The question, then, is not whether government can play this enabling role, but whether it consistently does so with the necessary intentionality, patience, and institutional courage. This question is underscored by a recent expression-of-interest advert issued by the Industrial Development Corporation (IDC) for its 10.2% equity stake in Rossing Uranium Limited. The IDC has been a shareholder in the company for more than 50 years, having acquired the stake after its own establishment in 1940. The advert notes that the IDC has reached the end of its investment horizon and intends to dispose of the asset, implying that the original developmental objectives have been met.

The IDC was created to drive sustainable economic development through financial assistance focused on industrialisation, entrepreneurship, and job creation. Central to this mandate is the provision of patient capital — prioritising long-term developmental outcomes over short-term returns. A five-decade shareholding in a mining venture, typically structured around a 15- to 25-year horizon, is a clear illustration of this approach and of the state’s capacity to anchor long-cycle investments that private capital may avoid.

Since democracy, the IDC’s mandate has expanded to explicitly include transformation and inclusive economic growth, reflecting South Africa’s deeply unequal economic structure. Prospective buyers of the Rossing stake will therefore be assessed not only on price but also on alignment with developmental outcomes, transformation objectives, and sound corporate governance. In this sense, exit itself is a developmental act, signalling what the state values and what it expects to endure beyond its direct participation.

Through development finance institutions and state-owned entities, government can act as a shareholder or lender in sectors critical to national development and industrialisation. In doing so, it has the capacity to shape markets, crowd in private investment, and influence leadership behaviour in firms — not through control, but through the standards it sets and the relationships it builds.

As Gore observed in his conversation with Mkhari, Discovery’s survival during its early and uncertain years was inseparable from the quality of the relationship between entrepreneur and backer. A healthy, engaged relationship between capital and leadership is not incidental; it is central to success, particularly in high-risk or formative stages of enterprise development.
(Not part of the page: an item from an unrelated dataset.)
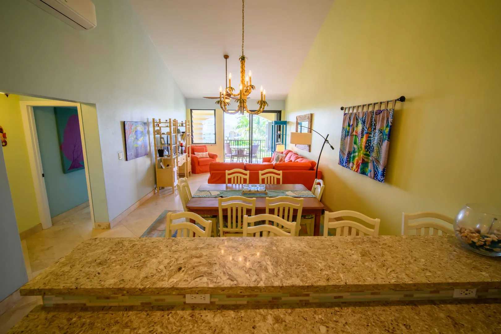 Welcome to your tropical sanctuary! Nestled in the heart of a serene, gated beachfront complex on St. Croix, this exquisite 2-bedroom, 2-bathroom condo offers 1250 sq ft of beautifully renovated living space. Perched on the third floor, this gem boasts breathtaking ocean views that can be savored from a large, airy gallery accessible from both the open-plan living room and the luxurious primary bedroom suite.Step inside and be greeted by a sense of tranquility as natural light floods through the expansive windows, illuminating the modern, high-end finishes throughout. The spacious living area seamlessly flows into the dining and kitchen spaces, perfect for entertaining or simply enjoying the gentle sea breeze.
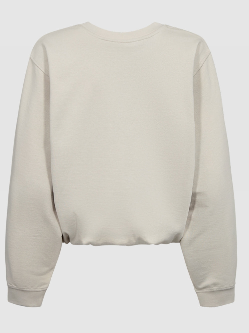 Stoere korte sweater met elastische onderboord waardoor deze extra bloezend valt. Leuk op een witte broek of jeans voor een frisse voorjaarslook. Valt oversized.

The lesson for public-sector leadership is clear. Development is not driven by capital alone, but by how that capital is deployed, governed, and stewarded over time. Shareholders and lenders — especially those operating under a public mandate — shape outcomes through their posture, patience, and proximity to leadership. Their influence is structural, not neutral.
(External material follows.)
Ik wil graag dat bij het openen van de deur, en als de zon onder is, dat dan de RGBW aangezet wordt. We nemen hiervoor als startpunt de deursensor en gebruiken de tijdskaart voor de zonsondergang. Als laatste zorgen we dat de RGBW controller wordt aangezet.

When development finance institutions behave like distant financiers, they do more than miss returns — they erode the ecosystems they were created to build. When they act with clarity of purpose, disciplined patience, and ethical accountability, they can unlock industries, broaden participation, and materially alter a country’s growth trajectory.

Lenders and shareholders are therefore not passive actors in South Africa’s development story. They are among its principal architects. History will judge government-mandated institutions not only by the capital they allocate but also by whether their stewardship expands or narrows the futures available to the nation.

• Vilakazi is an academic and organisational development practitioner whose work focuses on building ethical, human-centred systems in business and institutions.